Set batchSize to the number of events per batch. The batchTimeout option (default: 1000ms) controls the maximum time to wait for a full batch before flushing a partial batch.
When batching is enabled, the CamelEventBatchSize header is set with the number of events in the batch.
// Collect events in batches of 50, flush every 2 seconds
from("event:ExchangeCompleted?batchSize=50&batchTimeout=2000")
.log("Received batch of ${header.CamelEventBatchSize} events");
// Combine async processing with batching
from("event:Exchange*?async=true&batchSize=100&batchTimeout=5000")
.log("Batch of ${header.CamelEventBatchSize} exchange events"); JBang Quick Start
You can quickly try the Event component using Camel JBang.

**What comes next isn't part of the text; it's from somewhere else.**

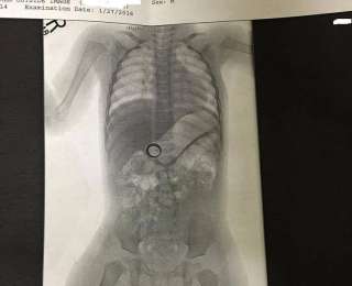 Хоть это выглядит довольно жутко, но кольцо не причинило малышу никакого вреда. В итоге, кольцо безболезненно покинуло организм малыша естественным образом

Create a file called event-monitor.yaml:
- route:
from:
uri: "event:Route*"
steps:
- log: "Route event: ${header.CamelEventType} - route ${header.CamelEventRouteId}"
- route:
from:
uri: "event:ExchangeCompleted,ExchangeFailed"
steps:
- log: "Exchange ${header.CamelEventExchangeId} on route ${header.CamelEventRouteId}: ${header.CamelEventType}"
- route:
id: myRoute
from:
uri: "timer:tick"
parameters:
period: "5000"
steps:
- setBody:
constant: "Hello from myRoute!"
- log: "${body}" Then run it:
camel run event-monitor.yaml Distributed Events
The Event component captures events within a single CamelContext (JVM). To propagate events across multiple Camel instances, use standard Camel routes to forward events to a messaging system:
// Producer side: capture local events and publish to Kafka
from("event:RouteStarted,RouteStopped,ExchangeFailed")

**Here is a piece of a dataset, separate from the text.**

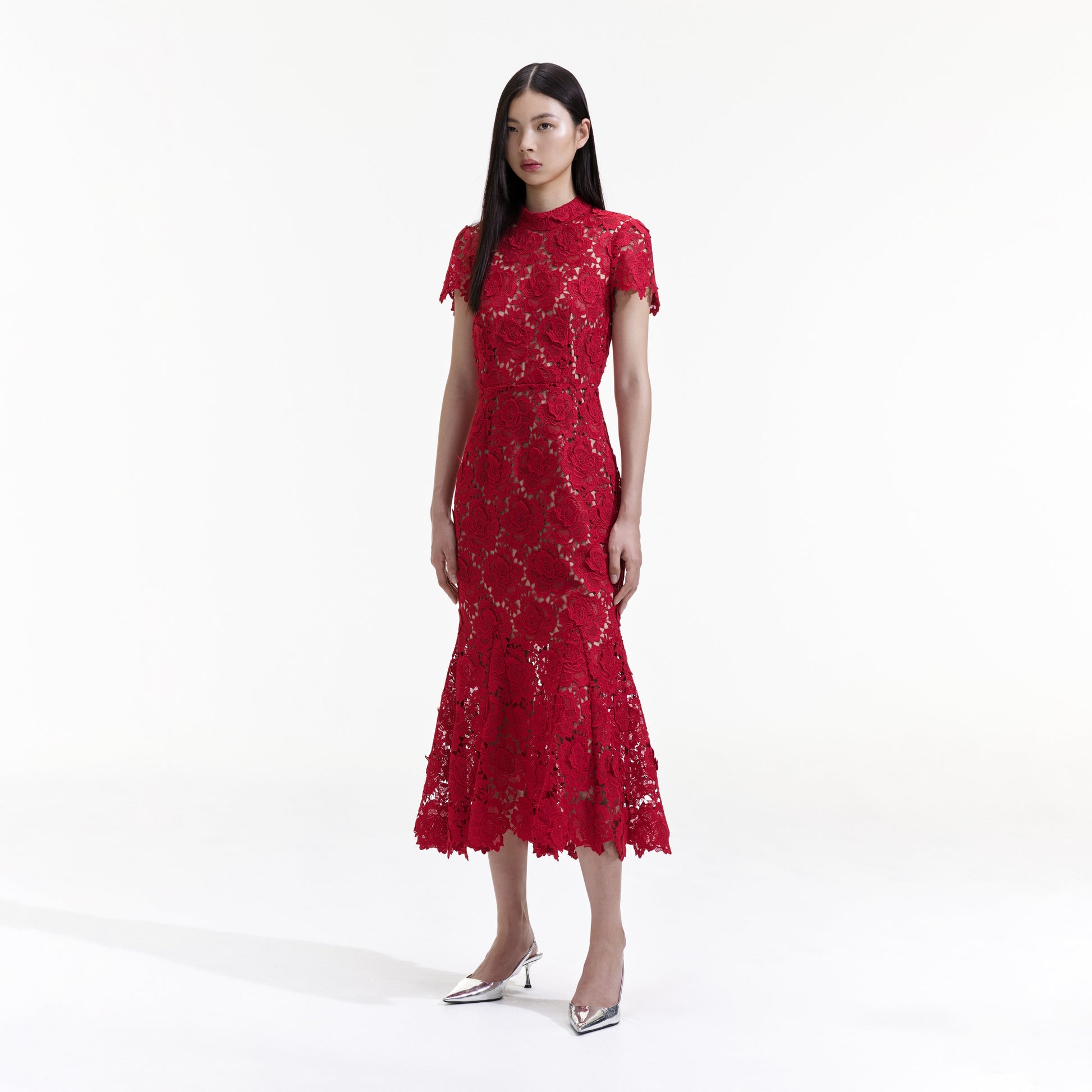 Bu sahneyi çalan çiçekli dantel elbiseyle şehri kırmızıya boyayın; şık bir yarım balıkçı yaka sunar ve feminen bir oturan ve kabaran siluete sahiptir. Bir sonraki gece davetiniz için iddialı topuklu ayakkabılarla eşleştirin.

.setBody(simple("${header.CamelEventType}: ${header.CamelEventRouteId} at ${header.CamelEventTimestamp}"))
.to("kafka:camel-events");
// Consumer side (same or different JVM): process distributed events
from("kafka:camel-events")
.to("log:distributed-events"); This approach is transport-agnostic — you can use Kafka, JMS, AMQP, NATS, or any other Camel messaging component. It gives you full control over event serialization, filtering, and routing logic.